It'd be better to avoid the ifdef-in-C by providing a stub function in a
header file if !CONFIG_IOMMU. That's quite standard kernel practice and
might help avoid some other problems...

> #ifdef CONFIG_PCI
> /* Many VIA bridges seem to corrupt data for DAC. Disable it here */
>
> diff --git a/arch/x86_64/kernel/reboot.c b/arch/x86_64/kernel/reboot.c
> index 7503068..e6e65c2 100644
> --- a/arch/x86_64/kernel/reboot.c
> +++ b/arch/x86_64/kernel/reboot.c
> @@ -16,6 +16,7 @@
> #include <asm/pgtable.h>
> #include <asm/tlbflush.h>
> #include <asm/apic.h>
> +#include <asm/proto.h>
>
> /*
> * Power off function, if any
> @@ -81,6 +82,7 @@ static inline void kb_wait(void)
> void machine_shutdown(void)
> {
> unsigned long flags;
> +
> /* Stop the cpus and apics */
> #ifdef CONFIG_SMP
> int reboot_cpu_id;
> @@ -111,6 +113,8 @@ void machine_shutdown(void)
> disable_IO_APIC();
>
> local_irq_restore(flags);
> +
> + pci_iommu_shutdown();
> }

And does the kernel work OK if CONFIG_PCI=n? I think so from inspection,
by luck.

> void machine_emergency_restart(void)
> diff --git a/include/asm-x86_64/proto.h b/include/asm-x86_64/proto.h
> index 85255db..fb9f73e 100644
> --- a/include/asm-x86_64/proto.h
> +++ b/include/asm-x86_64/proto.h
> @@ -85,11 +85,13 @@ extern int exception_trace;
> extern unsigned cpu_khz;
> extern unsigned tsc_khz;
>
> +extern void pci_iommu_shutdown(void);

This is the only pci-related function which is declared in proto.h. I
suspect you chose the wrong header file for this declaration.

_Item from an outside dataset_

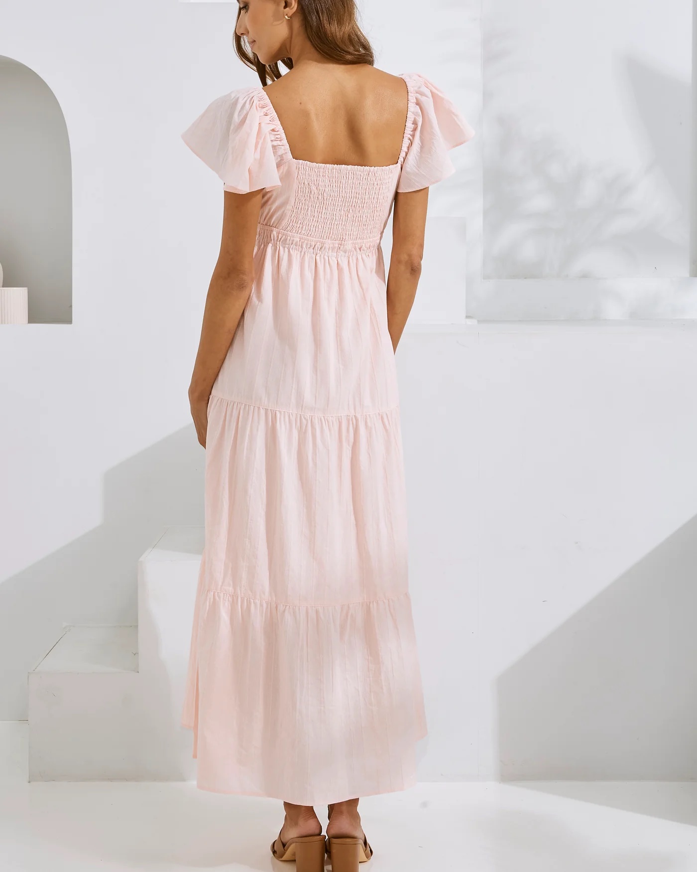 This elegant maternity pink dress is perfect for a baby shower or any summer occasion. Designed with comfort and style in mind, the Serena dress features a flattering empire waist and flowy skirt that accentuates your growing belly while providing effortless movement. The soft, textured fabric ensures a light and airy feel, making it an ideal choice for a relaxed outdoor baby shower or casual gathering.

> extern void no_iommu_init(void);
> extern int force_iommu, no_iommu;
> extern int iommu_detected;
> #ifdef CONFIG_IOMMU
> extern void gart_iommu_init(void);
> +extern void gart_iommu_shutdown(void);
> extern void __init gart_parse_options(char *);
> extern void iommu_hole_init(void);
> extern int fallback_aper_order;

2007-06-25 00:18:19

by Yinghai Lu

[permalink] [raw]
Subject: Re: [PATCH] x86-64: disable the GART in shutdown

On 6/23/07, Andi Kleen <[email protected]> wrote:

> So my suggestion would be:
>
> (1) implement sysfs platform device based shutdown hooks (preferable
> before PCI shutdown)

BTW, it would be better if DMA ram range was registered there too.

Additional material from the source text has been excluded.